To reserve pages based on your requirements, replace:
- 20 with the number of huge pages you wish to reserve,
- 2048kB with the size of the huge pages,
- node2 with the node on which you wish to reserve the pages.
Procedure
Display the memory statistics:
# numastat -cm | egrep 'Node|Huge' Node 0 Node 1 Node 2 Node 3 Total add AnonHugePages 0 2 0 8 10 HugePages_Total 0 0 0 0 0 HugePages_Free 0 0 0 0 0 HugePages_Surp 0 0 0 0 0
Add the number of huge pages of a specified size to the node:
# echo 20 > /sys/devices/system/node/node2/hugepages/hugepages-2048kB/nr_hugepages
Verification
Ensure that the number of huge pages are added:
# numastat -cm | egrep 'Node|Huge' Node 0 Node 1 Node 2 Node 3 Total AnonHugePages 0 2 0 8 10 HugePages_Total 0 0 40 0 40 HugePages_Free 0 0 40 0 40 HugePages_Surp 0 0 0 0 0
Additional resources
-
numastat(8)
man page on your system
36.6. Enabling transparent hugepages
THP is enabled by default in Red Hat Enterprise Linux 8. However, you can enable or disable THP.
This procedure describes how to enable THP.
Procedure
Check the current status of THP:
# cat /sys/kernel/mm/transparent_hugepage/enabled
Enable THP:
# echo always > /sys/kernel/mm/transparent_hugepage/enabled
To prevent applications from allocating more memory resources than necessary, disable the system-wide transparent huge pages and only enable them for the applications that explicitly request it through the
madvise
:# echo madvise > /sys/kernel/mm/transparent_hugepage/enabled
Sometimes, providing low latency to short-lived allocations has higher priority than immediately achieving the best performance with long-lived allocations.

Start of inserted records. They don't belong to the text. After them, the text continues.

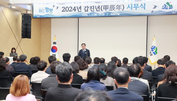 이날 시무식은 국민의례, 표창 수여, 진병영 군수 신년사, 군민가 제창 등으로 진행된 가운데 표창은 민간인과 관계기관, 함양군 기관 표창, 부서 표창, 공무원 표창 순으로 총 50건의 표창을 수여했다.
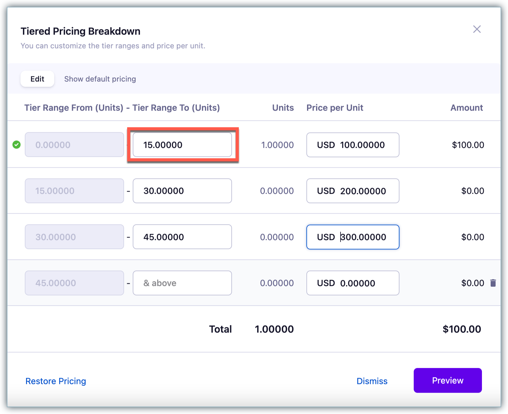Step 3: On the Tiered Pricing breakdown popup - Edit tab, the tier ranges are displayed with the lower(From) and upper(To) limits along with the price per unit for each tier range.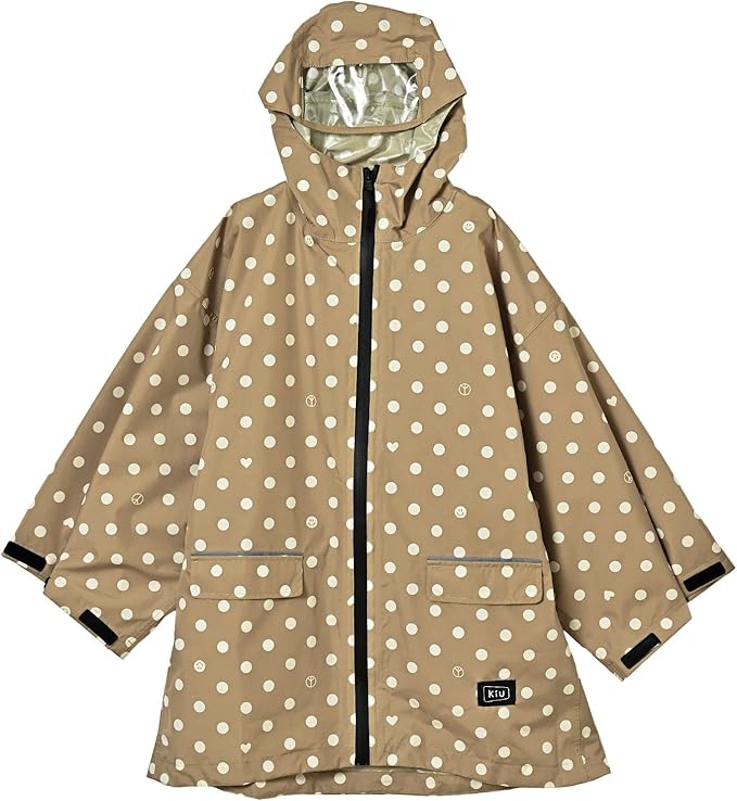 [キウ] 大雨対応 キッズ 袖付き 台風 ポンチョ はっ水 防水 レインポンチョ ピーズドットベージュ K71M-298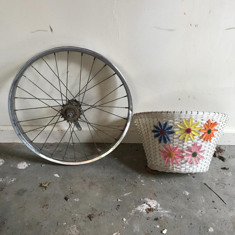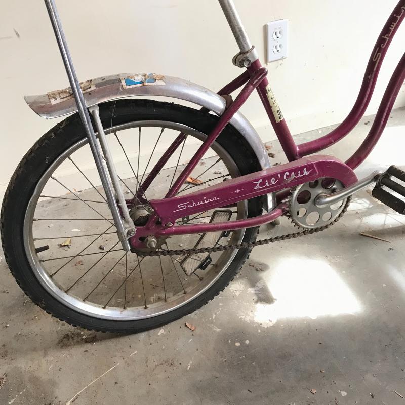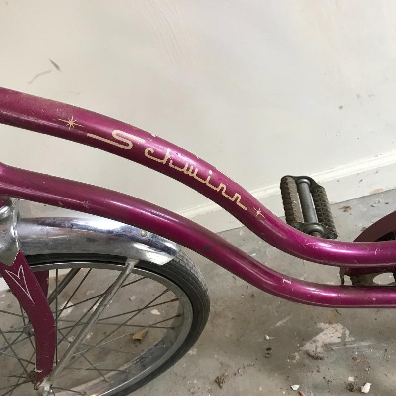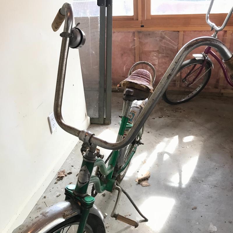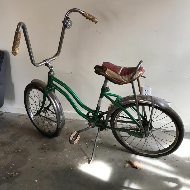 Nostalgic collection of bicycles. A plum colored Schwinn with banana seat, steel colored Mongoose, and a vintage green Sears bicycle. All need love to get into mint condition. The chains on each bike are attached and move as supposed to. See photos. This lot’s cherry on top are the white flowered basket and extra rear rim included in collection. No shipping.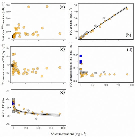 Changes in particulate 137Cs, POC, 137Cs, TOC, and δ13C with increasing TSS concentration. The average value and standard deviation under the base-TSS-load conditions (black squares) and all of the data measured under high-TSS-load conditions (orange circles) are shown. For POC, TOC, and δ13C, measured and estimated values are shown separately for each of the river conditions (gray for estimated and blue and orange for measured values, and squares for the base- and circles for the high-TSS-load conditions). (a) Particulate 137Cs content; (b) POC content; (c) 137Cs concentration; (d) TOC concentration; and (e) δ13C values in TSS. The shaded areas represent the 95% confidence intervals.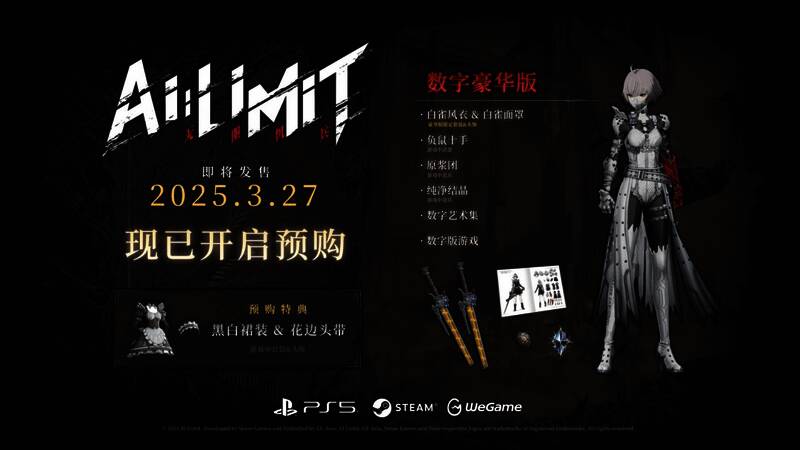 《无限机兵》现已开启预售,Steam国区标准版预售价143.1元,数字豪华版预售价187.2元。现在预售可获得游戏内装备“黑白裙装&花边头带”。感兴趣的玩家还可以在商店页面下载试玩版,上手体验游戏。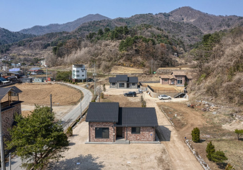 가평 용추폭포별장 작은땅에 작은 주택 캠핑가듯 편안히 쉴수있는 캠핑별장,캠핑주택 11세대 분양합니다. 1. 주소 : 경기도 가평군 가평읍 승안리 163-30 분양 토지 드론 사진 현재 4채가 준공되어 한채는 입주 3채는 분양중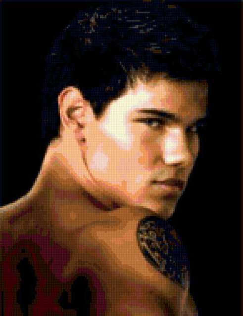 Ориентировочно так, схема вышивки «Тэйлор Лотнер», созданная автором 23121984, будет выглядеть при отшиве на канве. Размер данной вышивки равен 146x190 крестов, при этом используется 47 цветов. Ключевые слова, по которым можно найти эту схему: актеры, сумерки. Также, вы можете взглянуть на оригинальную картинку, соответствующую данной схеме вышивки.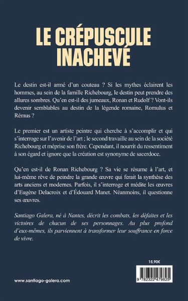Le destin est-il armé d'un couteau? Si les mythes éclairent les hommes, au sein de la famille Richebourg, le destin peut prendre des allures sombres. Qu'en est-il des jumeaux, Ronan et Rudolf? Vont-ils devenir semblables au destin de la légende romaine, Romulus et Rémus? Le premier est un artiste peintre qui cherche à s'accomplir et qui s'interroge sur l'avenir de l'art; le second travaille au sein de la société Richebourg et méprise son frère. Cependant, il nourrit du ressentiment à son égard et ignore que la création est synonyme de sacerdoce. Qu'en est-il de Ronan Richebourg? Sa vie se résume à l'art, et lui-même rêve de peindre la grande oeuvre qui ferait la synthèse des arts anciens et modernes. Parfois, il s'interroge sur les oeuvres d'Eugène Delacroix et d'Edouard Manet. Néanmoins, il questionne ses oeuvres.

In such cases, you can disable direct compaction while leaving THP enabled.
Direct compaction is a synchronous memory compaction during the huge page allocation. Disabling direct compaction provides no guarantee of saving memory, but can decrease the risk of higher latencies during frequent page faults. Note that if the workload benefits significantly from THP, the performance decreases. Disable direct compaction:
# echo madvise > /sys/kernel/mm/transparent_hugepage/defrag
Additional resources
-
madvise(2)
man page on your system - Disabling transparent hugepages.
36.7. Disabling transparent hugepages
THP is enabled by default in Red Hat Enterprise Linux 8. However, you can enable or disable THP.

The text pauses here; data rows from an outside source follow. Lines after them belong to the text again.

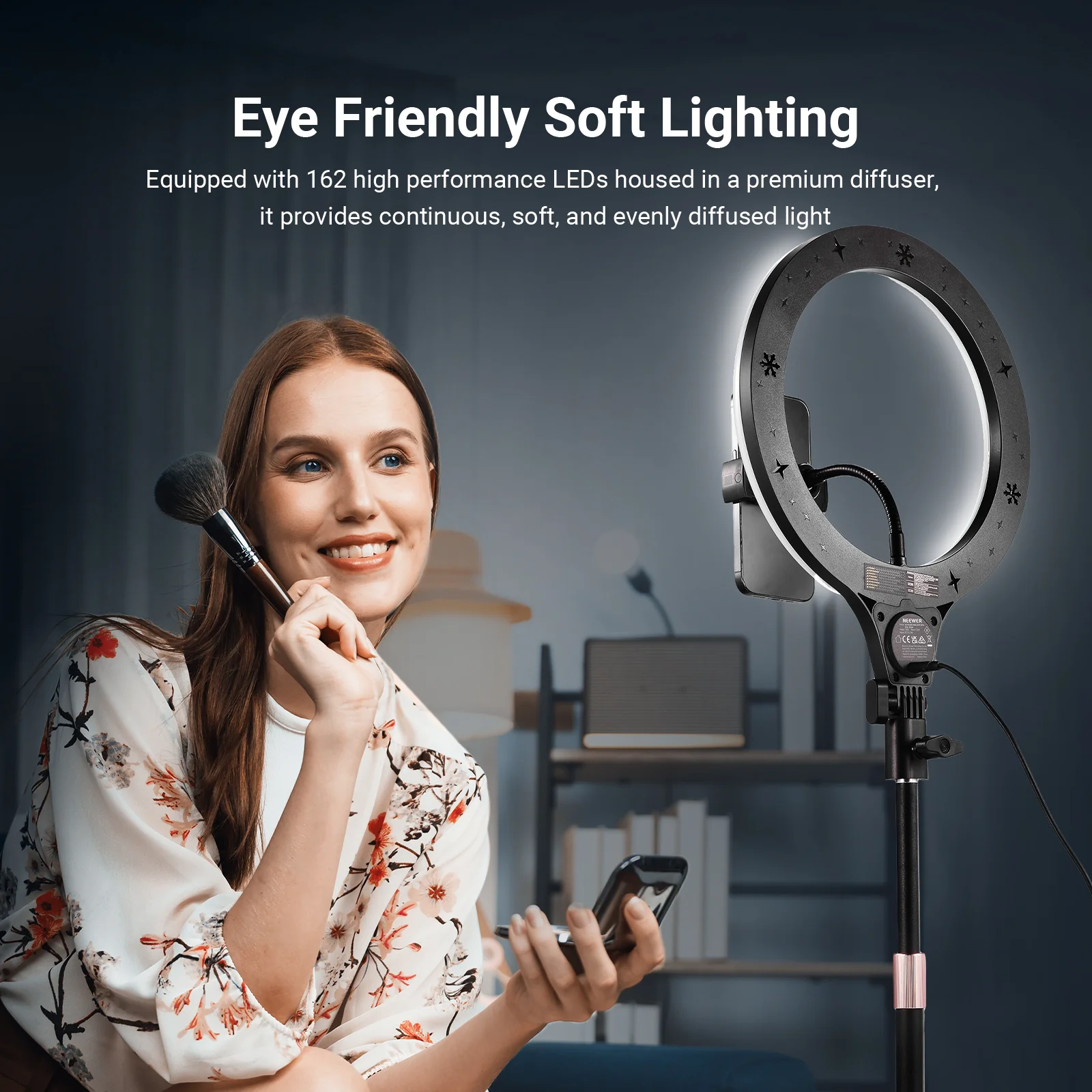 - Universal Phone Mount- A flexible phone holder at the center of the NEEWER ringlight is compatible with iPhone 17 Pro Max Samsung Galaxy, etc. Portable desktop LED ring light with stand kit for overhead camera shooting, selfie lighting, videography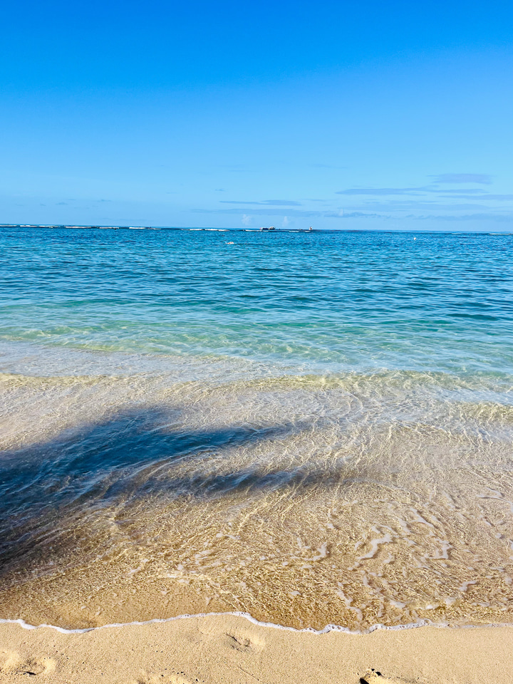 波打ち際の散歩は、朝の特権。9時過ぎくらいからホテルのビーチパラソルがポツポツと設置され始め、日中から夕方にかけてはパラソルがぶつかりそうになるほど並び、砂浜を散歩するのは至難の業。にぎやかになる前に波の音を聞きながら裸足でビーチを歩いて、静かなワイキキの顔に触れてみよう。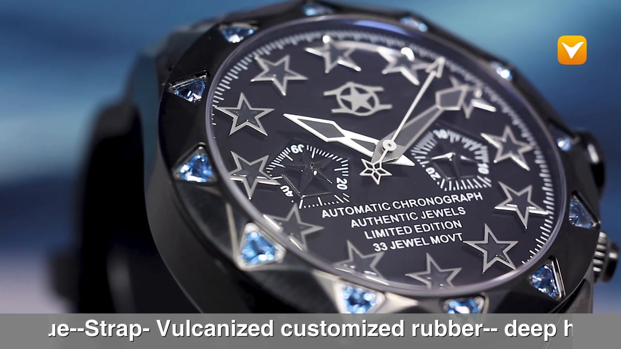 | Watchstar Limited Edition Superstar 33 Jewel Automatic Chronograph Stealth Black Blue Swarovski Crystals. Price: $399 | ||

This procedure describes how to disable THP.
Procedure
Check the current status of THP:
# cat /sys/kernel/mm/transparent_hugepage/enabled
Disable THP:
# echo never > /sys/kernel/mm/transparent_hugepage/enabled
36.8. Impact of page size on translation lookaside buffer size
Reading address mappings from the page table is time-consuming and resource-expensive, so CPUs are built with a cache for recently-used addresses, called the Translation Lookaside Buffer (TLB). However, the default TLB can only cache a certain number of address mappings.
If a requested address mapping is not in the TLB, called a TLB miss, the system still needs to read the page table to determine the physical to virtual address mapping. Because of the relationship between application memory requirements and the size of pages used to cache address mappings, applications with large memory requirements are more likely to suffer performance degradation from TLB misses than applications with minimal memory requirements. It is therefore important to avoid TLB misses wherever possible.
Both HugeTLB and Transparent Huge Page features allow applications to use pages larger than 4 KB
. This allows addresses stored in the TLB to reference more memory, which reduces TLB misses and improves application performance.